Doch hat diese avisierte Revitalisierung neben der optischen Aufwertung noch andere, weitaus wichtigere Effekte erzielt? Stand jetzt lässt sich klar sagen: Nein! Die moderne Mall mit vier Etagen kämpft weniger als sieben Jahren nach der Revitalisierung wieder mit Leerständen. Die Lösung: Re-Revitalisierung! – das Loom soll nun erneut modernisiert werden. Um dann endgültig loszustarten und sich vor überbordenden Mieteranfragen und Passantenfrequenzen kaum retten zu können? Wohl kaum.

Vielleicht aber doch: Flexible Flächenkonzepte, die jederzeit an neue Nutzer und Nutzungen angepasst werden könnten, wären ein Weg. Das magische Wort, das dabei häufig fällt, ist Mischnutzung. Problem gelöst! Wäre da nicht der leidige Bürokratieapparat, der sich Baurecht nennt: "Flexibilität ist zwar ein Schlüssel, aber Deutschland lässt flexibles Bauen nicht wirklich zu", klagte etwa Manuel Jahn, Geschäftsführer beim Experten für Einzelhandelsimmobilien Habona Consulting beim Handelsimmobilien-Gipfel in Düsseldorf.

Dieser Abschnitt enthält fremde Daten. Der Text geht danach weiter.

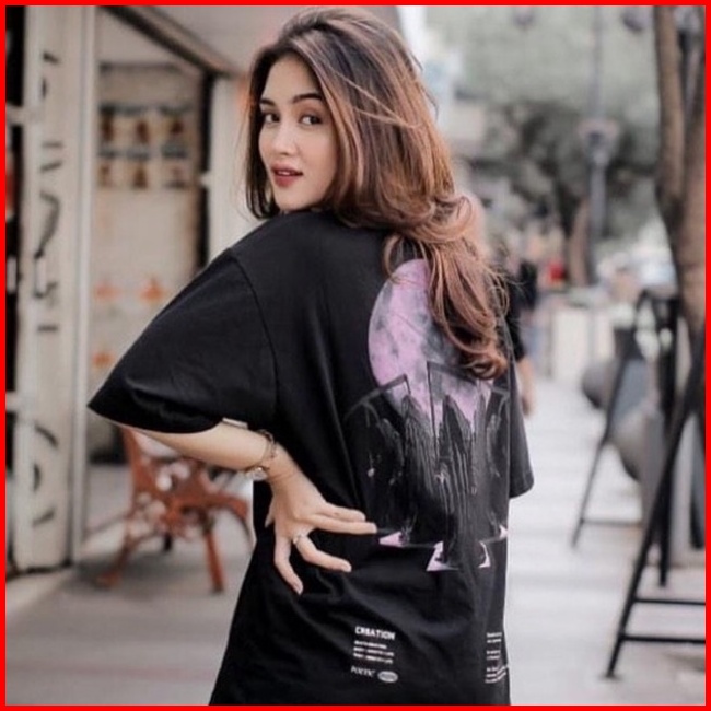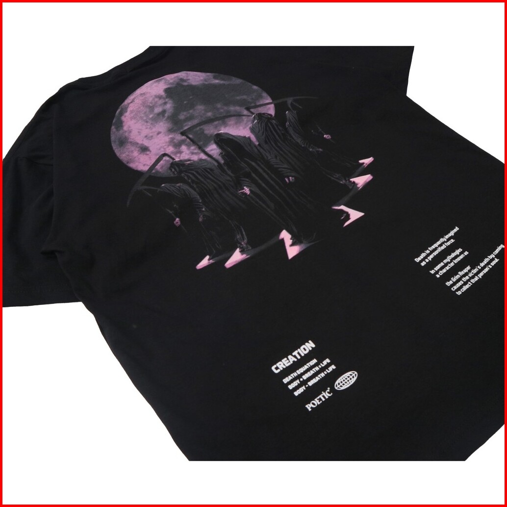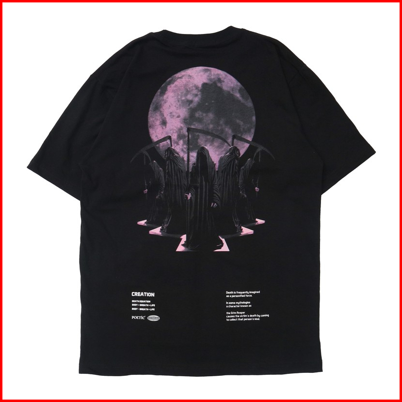 Poeticluzien Kaos Boxy Fit Oversize T-shirt Grim Moon Pria Dan Wanita

Hinweis: Die Schwierigkeiten bei der Umnutzung von (Handels-)Immobilien sind auch Schwerpunktthema in der aktuellen Ausgabe 1/2024 des Magazins "Immobilienwirtschaft".

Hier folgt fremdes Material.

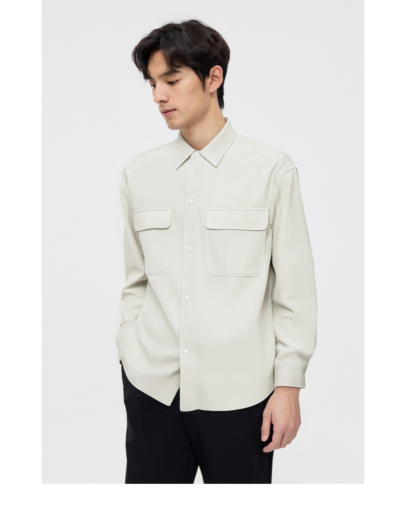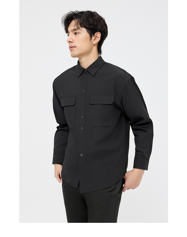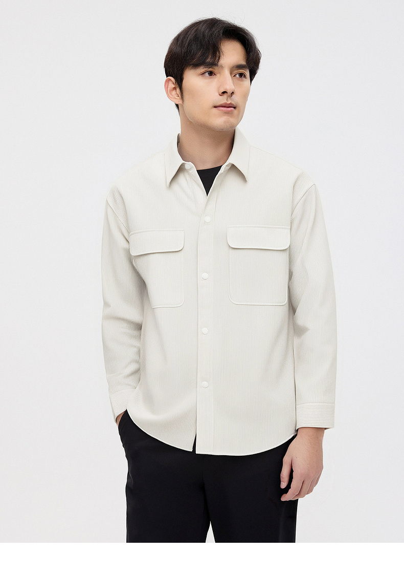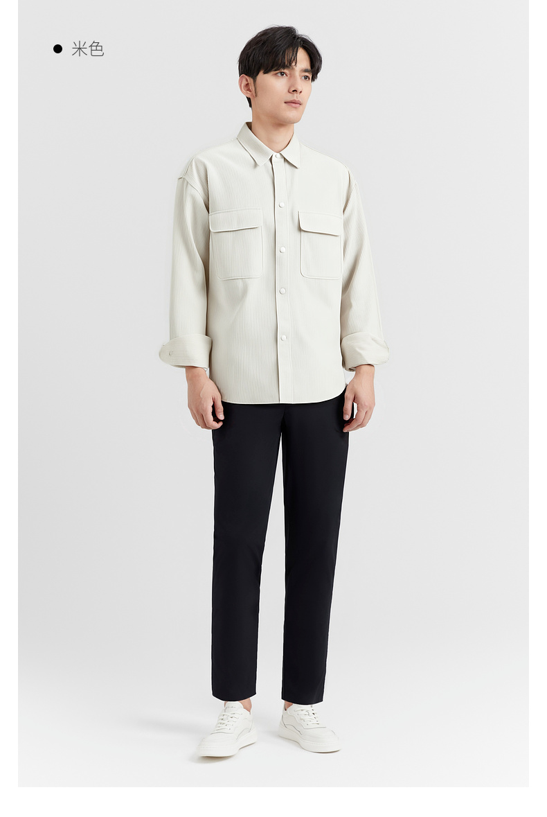 圣得西男士长袖衬衫秋季新款易打理休闲通勤纯色简约男装上衣外套

Einzelhandelsflächen: 30 Prozent vor dem Aus

Auch wenn der Mischnutzung Grenzen gesetzt sind, ist sie ein fundamentaler Trend der Immobilienbranche, der weit über den Handelssektor hinaus geht. Aktuelle Untersuchungen ergeben, dass durch den Boom des Online-Handels ein knappes Drittel der bestehenden Handelsimmobilienflächen künftig nicht mehr gebraucht werden. Andere Nutzungen müssen also rein: Wohnen, die öffentliche Hand, Hotels, Büros, Gesundheitsimmobilien und vieles mehr. Das Gesicht unserer Innenstädte wird sich komplett wandeln müssen: Innenstadt ist nicht mehr gleich Einzelhandel!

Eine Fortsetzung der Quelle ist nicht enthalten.